There appears to be little slowing down of the real estate market this summer. Recent surveys of home builders and buyers revealed that both groups are feeling positive about the state of the market as home prices and home sales continue to do well.
Homebuyer confidence broke records in July, with overall feelings about the housing market hitting 86.5 on the Home Purchase Sentiment Index (HPSI) by Fannie Mae. July’s reading was up 3.3 points from June. All six of the portions of the index increased, a solid sign that the buyers are enthusiastic about the real estate market.
The HPSI also reported that 67 percent of participants said they would buy a home if they had to move. The percent of people who said they would rent if they moved dropped to 26 percent, the lowest percentage reported on the National Housing Survey®.
The National Association of Home Builders/Wells Fargo Housing Market Index (HMI) saw builder confidence rise to 60 from July’s score of 58. Scores above 50 indicate that more builders perceive the market as in good condition. Of the four regions (Northeast, Midwest, South, and West) in the index, three of them saw increases in August from the previous month. Only the Midwest lost ground, finishing two points down at 55.
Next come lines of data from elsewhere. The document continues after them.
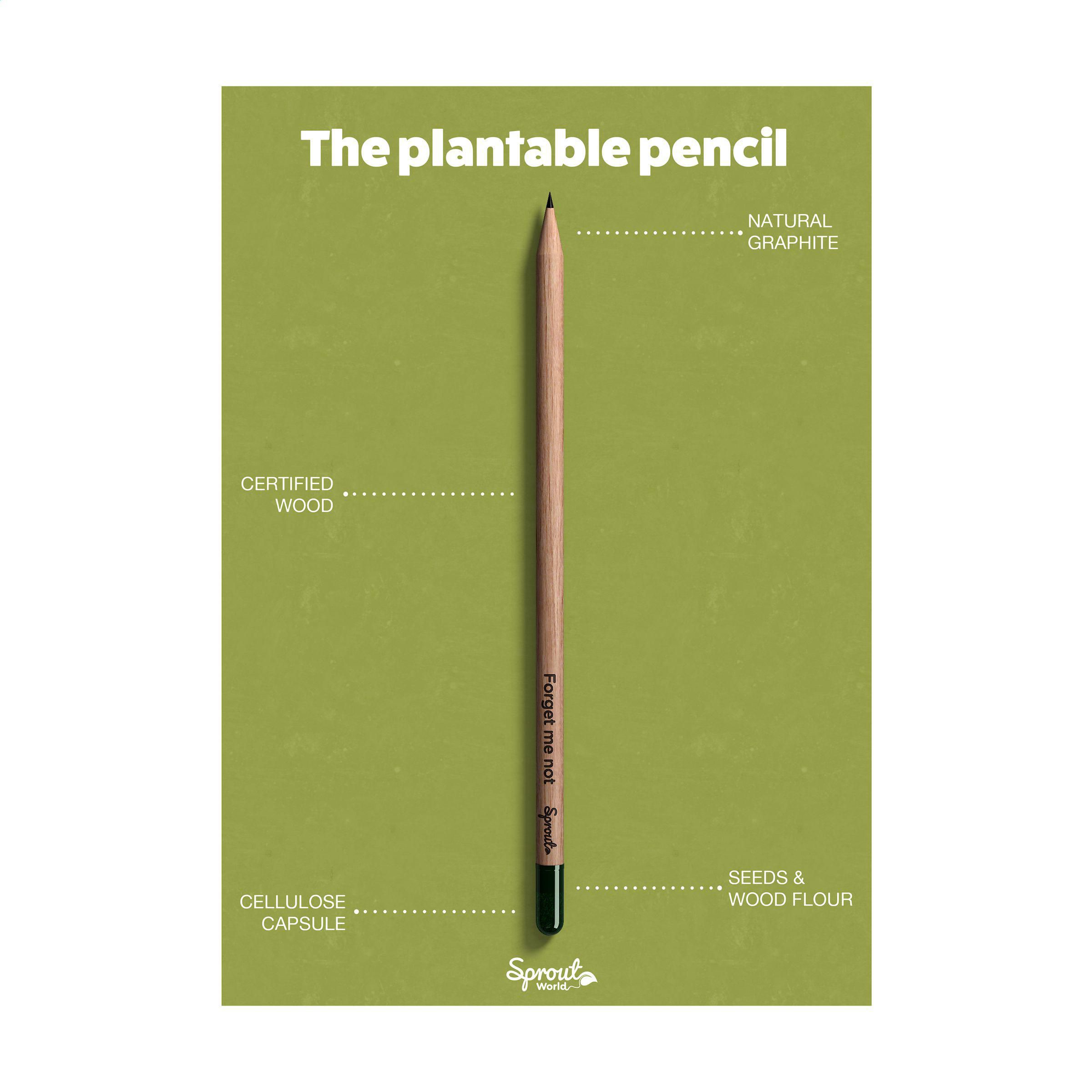 Crayon Sproutworld avec un message inspirant pour la nature. Ce crayon à la pointe aiguisée est en bois. À son extrémité se trouve une capsule (en cellulose) qui contient des graines. Une fois que le crayon est devenu trop petit pour écrire avec, plantez-le avec la capsule dans un peu de terre. Après 2-3 semaines, les graines commencent à germer et se transforment en jolies fleur, en herbes aromatiques ou en des légumes parfumés. Choisissez parmi différents types. Le nom de la plante choisie sera gravé sur le crayon. Le crayon ne contient pas de plomb et est donc totalement sûr. Fabriqué en Europe. Article complémentaire W387 : Carte en carton coloré dans laquelle le crayon peut être inséré. La carte contient des informations en anglais sur le produit. Cette carte confère au produit une valeur d'attention exclusive.Une évaluation du cycle de vie (LCA) de ce produit est disponible dans les téléchargements. Sproutworld est certifiée B Corp ; la collection est produite selon les normes écologiques et sociales B Corp les plus élevées possibles.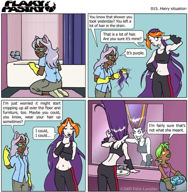 New comic! So I guess it's official? Flaky Pastry is the kind of comic where characters sometimes change clothes. Backgrounds are still my bane! And inking. And finding titles, obviously.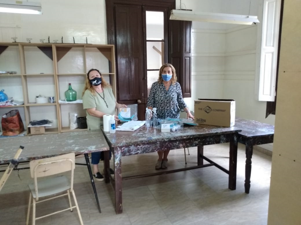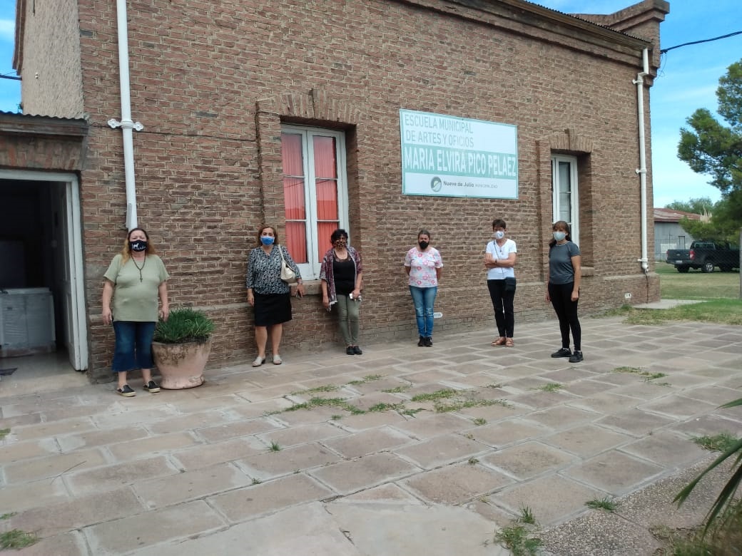 El pasado viernes, la Directora de Educación de la Municipalidad de Nueve de Julio, Prof. Marisa Poratti; acompañada por el Director de Coordinación de Delegaciones, Marcelo Delgado, visitó la Escuela de Artes y Oficios de la localidad de Dudignac, oportunidad en la que se equipó al establecimiento de todos los elementos de protección que marca el protocolo de higiene y seguridad para el dictado de talleres presenciales en establecimientos culturales.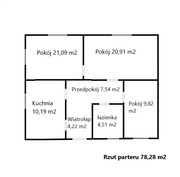 - Charakterystyka mieszkania 78.28 m2, 3 pokoje, do wykończenia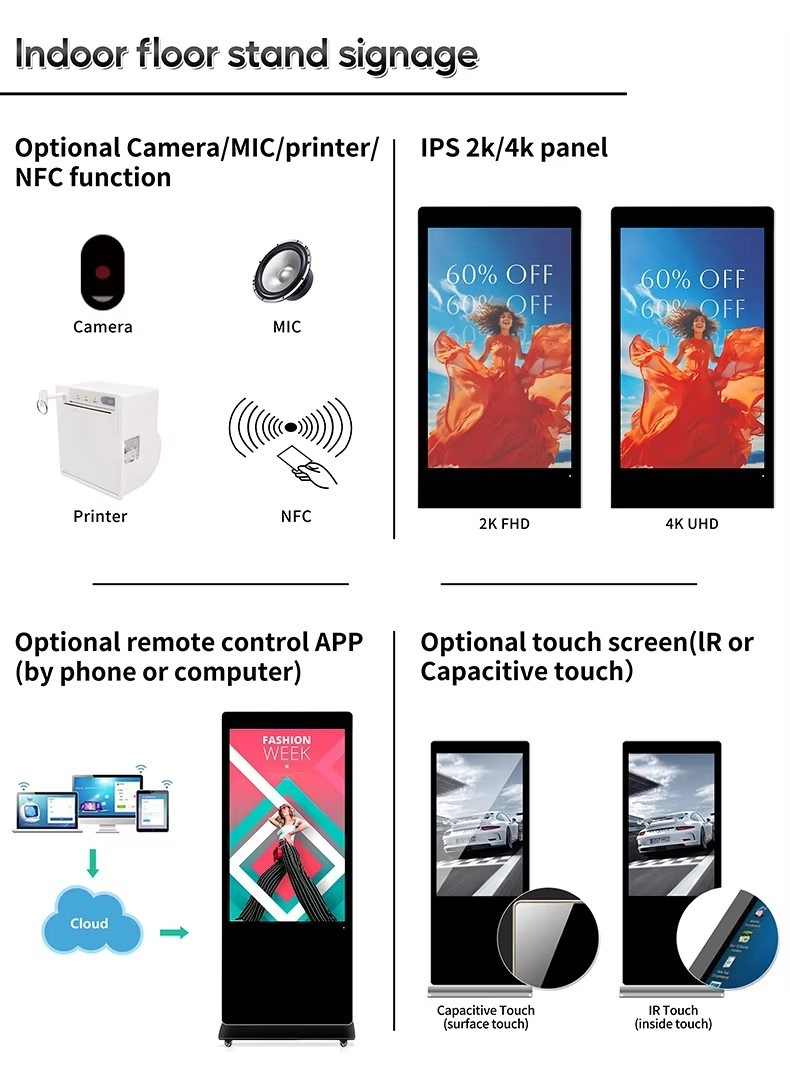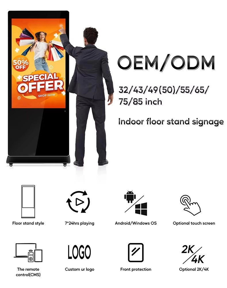 High-definition vertical advertising machine, floor-standing touch all-in-one machine, advertising commercial video query display screen, touch large screen

Also helping fuel the strong market is the low employment rate. In July the rate remained at 4.9 percent for the second month in a row. In 2016 the rate has not passed five percent. Economists generally consider an unemployment rate of five percent as full employment for the country. During the economic downturn that came out of the housing market bubble, the unemployment rate was as high as 10.2 percent in 2009, and it wasn’t until late 2014 that the rate dipped below six percent.